We must convert LIVECell instance segmantation labels to semantic segmentation masks for all sets run the following commands
python instance2semantic.py
You should see ./dataset/livecell_train_val_masks
and ./dataset/livecell_test_masks
folders generated with black and white images inside with white representing cells and with black for the background.
To ensure more accurate results refer to my GitHub issue for a list of duplicate images as well as images common between training and validation. It is recommended that you remove those images before proceeding with training.

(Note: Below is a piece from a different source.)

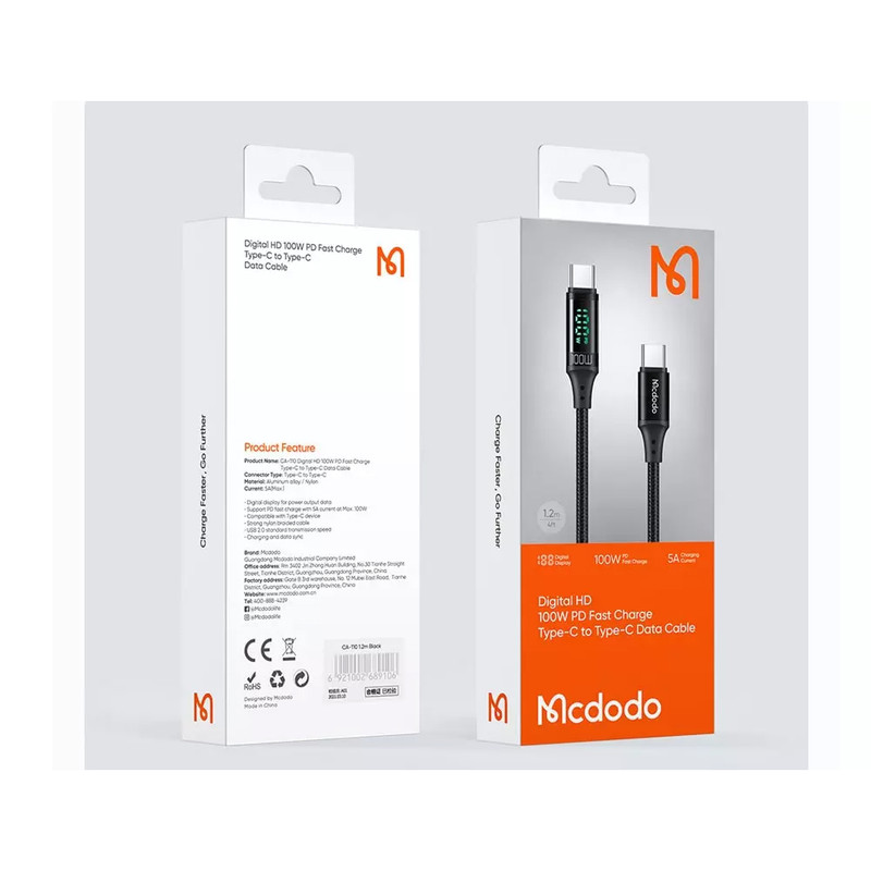 کابل USB-C مک دودو مدل Digital HD 100W PD Fast Charge طول 1.2 متر دارای روکش کنفی مقاوم و شکیل میباشد.این کابل دارای نشانگر دیجیتال میزان خروجی توان برق است که کاربر را در هر زمان متوجه توان شارژ میکند.کابل مک دودو دارای توان 100Wو حداکثر تا 5 آمپر جریان را دارد که می تواند از همه دستگاهها با توان و جریان پایین تر نیز بخاطر چیپ هوشمند مک دودو پشتیبانی نماید.کابل نایلونی بافته شده قوی و بادوام با بدنه شیلد آلیاژ آلومینیوم با کیفیت بالا، کابلی با کلاس بالا به ارمغان می آورد.این کابل علاوه بر شارژ انتقال دیتا با نرخ 480 مگابیت بر ثانیه را نیز انجام میدهد.

Once you have the semantic segmentation masks it is easy to skim through the directory and observe outlier masks (Masks only having one cell) and removing them and their corresponding image and annotation.
For the baseline I tested 4 adaptive thresholding algorithms with and without binary morphology using simpleitk.
If you have done the previous steps you can simply run the notebook baseline.ipynb
to obtain results for the baseline. It contains comments and sections to guide you.
If you have not changed the location of the dataset, the notebook should run from start to finish without errors.
For the deep learning models, I have tested different configurations of UNET, VNET, and SwinUNETR. The best trained model (SwinUNETR) is uploaded in models/
.
All steps to reproduce a trained model like the one uploaded is available in the notebook deep_learning.ipynb
. It is set to run for 1 epoch by default just so that you are able to run it to completion on the subset quickly for testing.
The notebook also contains testing and inference code as well as dataset exploration and visualizations.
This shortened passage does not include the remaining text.